March 16 (Bloomberg) -- European Union leaders are considering increasing a 25 billion-euro ($32 billion) ceiling on EU aid to countries that are having trouble paying their bills, according to a draft statement prepared for a summit this week.

EU loans of 6.5 billion euros to Hungary and 3.1 billion euros to Latvia have partly depleted the pool of available aid. Romania last week said it is seeking help from the EU and the International Monetary Fund.

The 27-nation EU “should rapidly examine the possibility of increasing the ceiling for the union’s support facility for balance-of-payments assistance,” according to the draft document, which was obtained by Bloomberg News and will be debated by EU leaders at a March 19-20 summit in Brussels.

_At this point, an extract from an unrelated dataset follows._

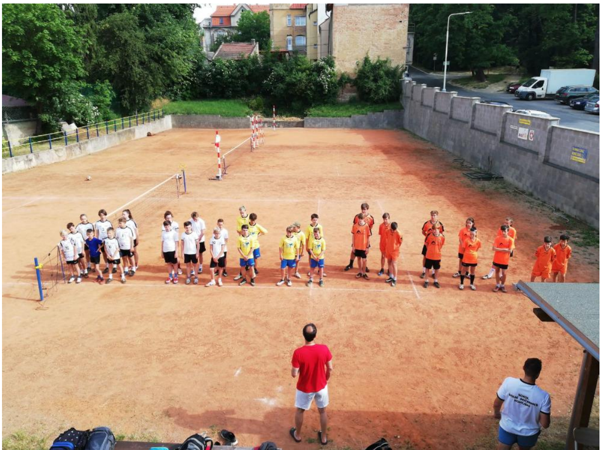
Nástup družstev do turnaje dvojic mládeže, dne 20. června 2021 ve Slaném.

The EU statement, which is likely to be amended before it is published at the end of the summit, comes as the euro-area economy is set to contract for the first time this year. The ceiling for aid, which covers countries not using the euro, was raised to 25 billion euros from 12 billion euros in December.

A further boost would require unanimous agreement by the 27 EU leaders.

Under German pressure, EU governments on March 1 ruled out a broad-based bailout for ex-communist countries in eastern Europe and have balked at President Barack Obama’s pleas for more public spending to reverse the first global economic contraction since World War II.

‘Good Progress’

The document said the EU is making “good progress” toward pumping more than 400 billion euros, or around 3.3 percent of gross domestic product, into the economy to combat the recession. The leaders express “confidence in the medium- and long-term outlook of the EU economy,” according to the statement.

No new spending proposals are included in the document, which pledges to return to the balanced-budget policies that underlie the euro. While calling for a “swift and credible reversal of the fiscal expansion,” the statement sets no timetable. Germany has objected to the lack of a target date for countries to erase their deficits. A balanced-budget deadline, originally 2002, has been regularly rolled back since the common currency was introduced in 1999.

The EU will step up a push for stricter oversight of the global financial industry, with the draft statement calling for the Group of 20 to commit to regulation of hedge funds and credit-rating companies.

Banks should boost capital in good times to cushion against future losses, according to the document, backing a move planned by the central bankers and regulators who set global guidelines. Executive-pay policies should be subject to review by regulators to guard against incentives for “excessive risk-taking,” including “effective enforcement,” according to the statement.

Accounting Rules

Accounting rules should be made more flexible to “mitigate their pro-cyclical effects,” according to the draft. Opposed by some investors, such a move would be a victory for banks that blame the fair-value standard for worsening the crisis by forcing them to book paper losses and feeding panic selling of securities.

Countries should improve oversight of multinational banks by coordinating within regulatory “colleges” to be set up for all major financial companies by the end of this year, according to the document. The statement may signal delays in the program, compared with a March 31 deadline the G-20 set in November.